= Adolph Koldofsky =

London-born violinist

Adolph Koldofsky (13 September 1905 – 8 April 1951) was a London-born violinist, living for most of his career in Canada and later in America. He was an orchestral player and member of chamber music ensembles; he commissioned and gave the premiere of Arnold Schoenberg's Phantasy Op. 47 for violin and piano.

==Life==
Koldofsky was born in London in 1905, son of Russian-Jewish parents. He moved to Canada in 1910, and later returned to Europe to study violin with Eugène Ysaÿe and Otakar Ševčík; he toured Czechoslovakia as leader of the Ševčík String Quartet.

In Canada he played with the Toronto Symphony Orchestra intermittently from 1923 to 1938. From 1938 to 1942 he was second violin with the Hart House String Quartet, a Toronto quartet founded in 1923.

===C. P. E. Bach manuscripts===
From 1934 for several years, Koldofsky endeavoured to authenticate manuscripts of keyboard concertos shown to him, said to be by C. P. E. Bach. He established that all were in the same handwriting, but not the composer's own hand; seven were already known, seven were apparently not known.

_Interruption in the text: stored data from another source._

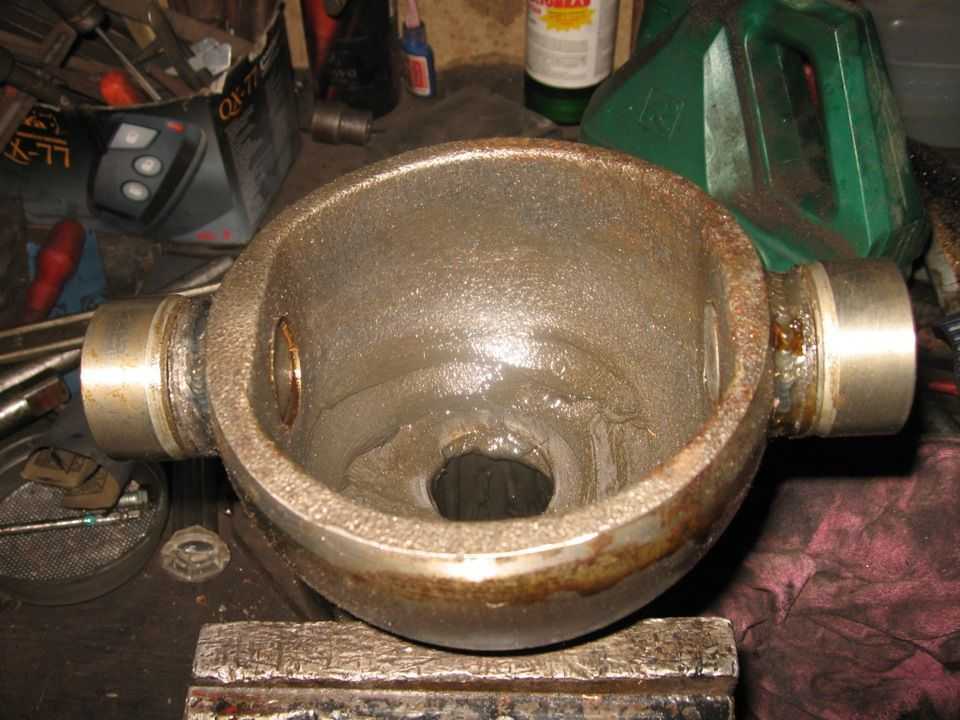 При замене подшипникового шкворня удаляют старые чашки в виде сферы, выполняют зачистку поверхности чулка и при помощи сварки приваривают новые втулки, которые изначально необходимо правильно выставить, чтобы не допустить перекос.
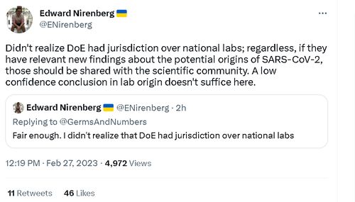 有美国网民亦对美国能源部调查新冠病毒来源这事感到费解,并表示其实验室泄漏的说法只是“低信心度”的话,是不足以证明什么的。
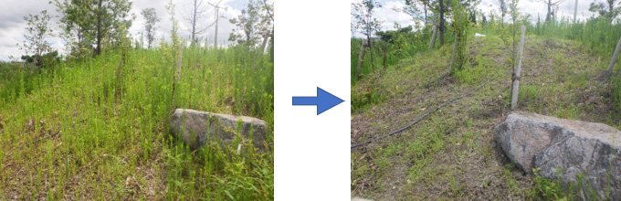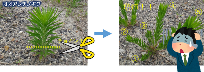 まずは、6月のブログでもお伝えしましたが、草刈り機でカットしたところ増殖してしまった手強い外来植物、オオアレチノギクの駆除を実施しました。
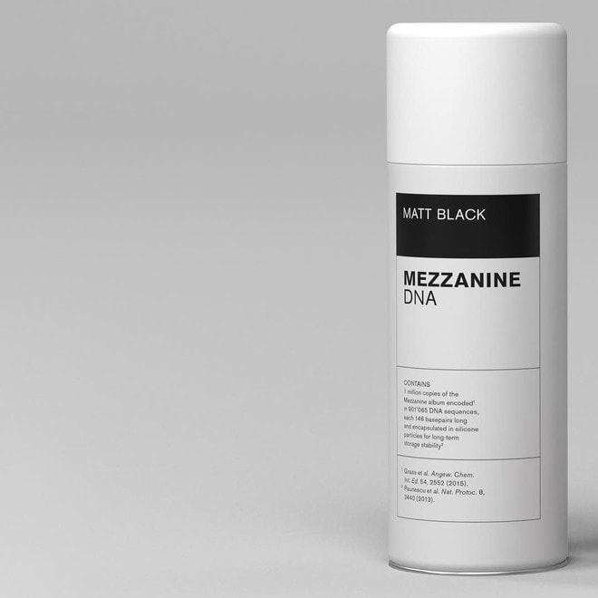А днями музиканти анонсували вихід альбому у вигляді чорних і сріблястих балончиків з аерозольною фарбою. У кожному міститься 1 мільйон молекул з ДНК «Mezzanine». Багато західних видань відзначили, що такий формат був обраний невипадково: нагадаємо, є непрямі докази, що засновник групи Роберт Дель Ная – це і є знаменитий художник Бенксі.
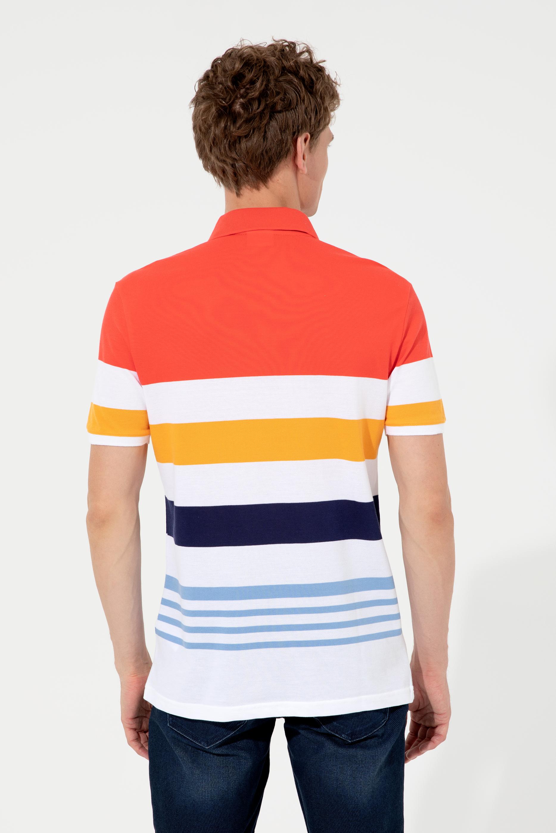 Canlı ve göz alıcı renkler kullanarak oluşturduğumuz blok desenli polo yaka erkek tişörtümüz casual kombinler başta olmak üzere entegre etmek istediğiniz her görünümde size eşlik eder.
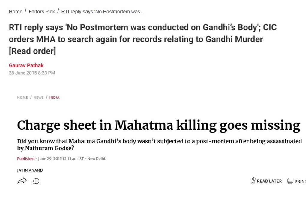 Someone filed RTI for charge sheet of Gandhi's assassination trial in 2015 and he got reply that "Charge sheet is missing"
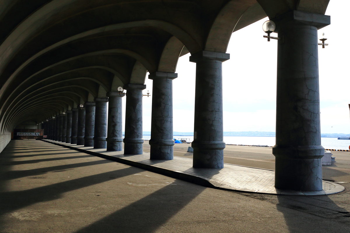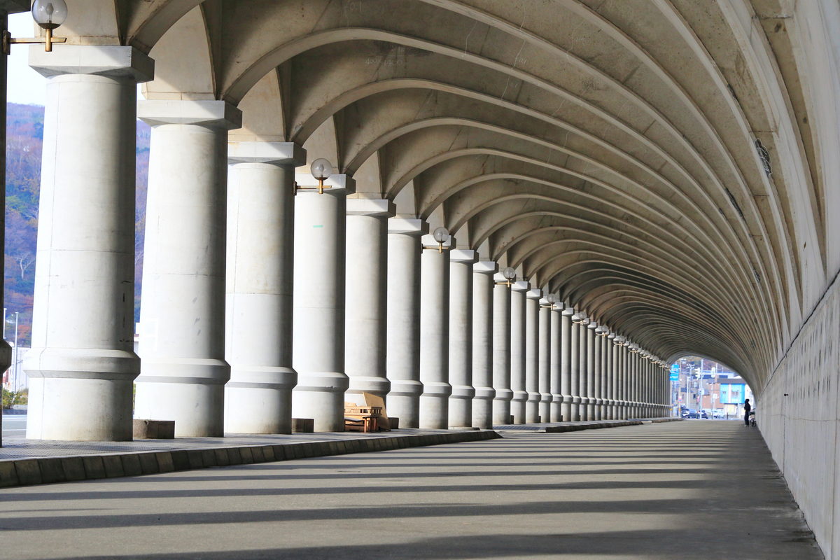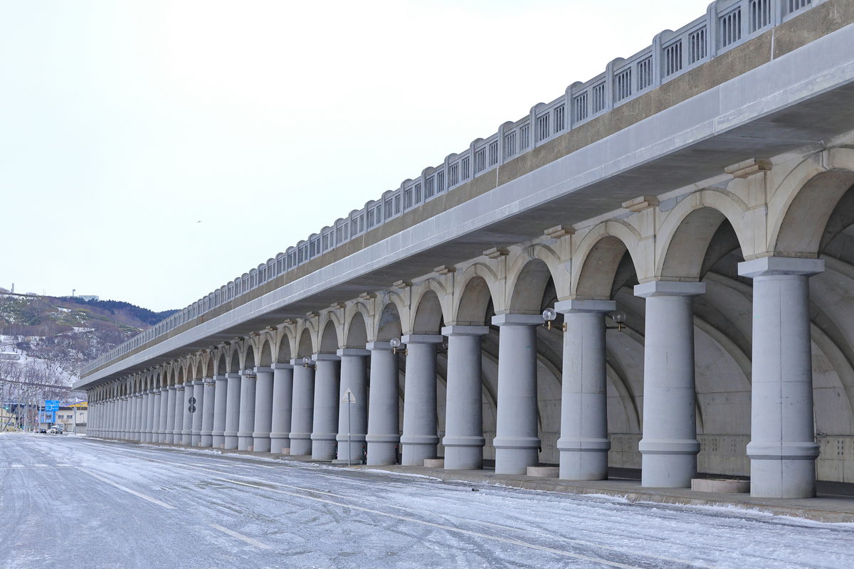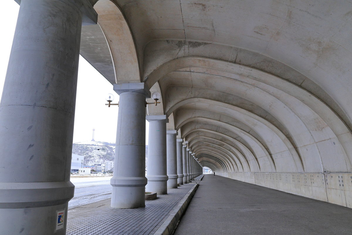 旅行景點是防波堤?是的!你真的沒有看錯,稚內位於日本海與鄂霍次克海之間所形成的宗谷海峽地形,因此當地近海波濤洶湧,海況相當惡劣,因此為了保護港口得以運作,於西元1910-1919年,興建一座高5.5公尺的北防波堤,藉此保護港口,以利當時庫頁島南端還是日本領土的稚泊航路運行,而後由於防波堤高度不足以抵禦海浪襲擊,因此西元1931年依照建築師土谷実的設計,挑高至13.6公尺,同時以70根圓柱撐起穹頂,並於西元1936年竣工,造就整體有如歐洲巨型拱門的稚内港北防波堤,漫步在這總長427公尺的防波堤下方,透過這獨特的透視延伸感,此時此刻如同古羅馬時代的迴廊,不說這是一座位於日本的防波堤,還真的難以想像呢!

Five of the unknown concertos were given modern premieres in March and April 1943 in Toronto by the harpsichordist Wanda Landowska, broadcast by the Canadian Broadcasting Corporation. The manuscripts were deposited at the University of California, Berkeley.

In 1943 he married the piano accompanist Gwendolyn Williams. They gave recitals for violin and piano; Koldofsky performed as soloist with orchestras. They moved to Vancouver in 1944, and Koldofsky became concertmaster of the Vancouver Symphony Orchestra.

===Los Angeles, and late works of Schoenberg===
The Koldofskys moved to Los Angeles in 1945. He played with the RKO Studio Orchestra, and gave chamber music recitals; he took part in a performance of Arnold Schoenberg's String Trio Op. 45, broadcast by KFWB in May 1949. Koldofsky commissioned a work for violin and piano from Schoenberg; the Phantasy for violin with piano accompaniment Op. 47 was composed in March 1949, and Koldofsky gave its first performance on 13 September of that year, the composer's 75th birthday.

Koldofsky died in Los Angeles in 1951. His wife founded an annual scholarship, the Koldofsky Fellowship in Accompanying, at the University of Southern California. This became the Gwendolyn and Adolph Koldofsky Memorial Scholarship.